Bankie works well as a teether.

Client Two crashed in a restaurant one day and Bankie made it possible.

Monday, July 20, 2015

One Small Snip for Toddler, One Big Step for Mama

So, it's happened. My little baby boy has taken one more step further from that baby stage and another big step towards being a big kid. Last week, he got his first haircut.

I honestly thought when this moment would come that my eyes would be filled with tears as those sweet little curls fell to the floor, but I didn't actually cry. I was actually a little relieved. In the weeks leading up to his first haircut I went through the stages of first haircut grieving.

STAGE ONE: Getting weepy-eyed at the mere thought. I would watch his little golden curls as they bounced along with him and he bounced through the house. I loved their little spring, no matter how girly they looked, and they reminded me of the baby he was. I loved those crazy curls and I wanted them to stay forever. A kid can have his first haircut at 21, right?

STAGE TWO: Getting used to the idea. After about the third person says, "Isn't she adorable?" I started considering that maybe a haircut wouldn't be so bad. And then the next time I had to dislodge food from those curls, I considered it again. (Especially when little chunks of hair came away with the food.) And little by little, they grew longer and longer and crazier and crazier and they slowly started to look a little less adorable.

STAGE THREE: Desperation. The cuteness of the curls started to turn into just crazy wisps. In fact, these wisps could hardly be called curls. His hair began to look more like Einstein's after sticking a paperclip into a light socket. Most days it was just wild and crazy and it started to drive me crazy. It was time.

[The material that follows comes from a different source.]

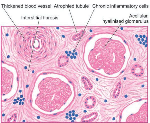 Glomerular tufts are acellular and completely hyalinised. Blood vessels in the interstitium are hyalinised and thickened while the interstitium shows fine fibrosis and a few chronic inflammatory cells.
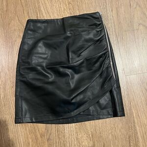 Zara Black leather skirt with ruched zipper on the side Size:XS

Since by the time I finally caved I was fully into Stage Three, I did not cry. I wasn't exactly dancing with joy, but I wasn't weeping. His aunt, my sister-in-law, usually cuts our hair and she had been out of the country on a missions trip for a couple of months. Once she came back, I let her know that we had waited for her return so she could do his first haircut and he was available whenever she was ready to cut it. So, one day when we were over at her house, she pulled out her comb, scissors and a little hair-cutting cape (I'm not sure if these actually have an official name or not). At first, Client Two just sat in the chair wrapped in his cape looking up at me with his big, killer blue eyes. I quickly snapped a couple of "before" shots.


Then, his aunt began brushing his wispy little hairs with her comb, which he loved. Once she started snipping, he kept turning his head to try to see what was going on (He is way too curious and nosey for his own good), so his other aunt jumped in and distracted him by combing his hair with another comb.


I stood by at first, snapping pictures and catching hair wisps to save in a plastic baggie (I'm quite the sentimentalist) but eventually, I had to take turns holding him so he could get a decent haircut. In the end, the crazy, Einstein wisps were gone and in their place was a nicely cut, toddler do.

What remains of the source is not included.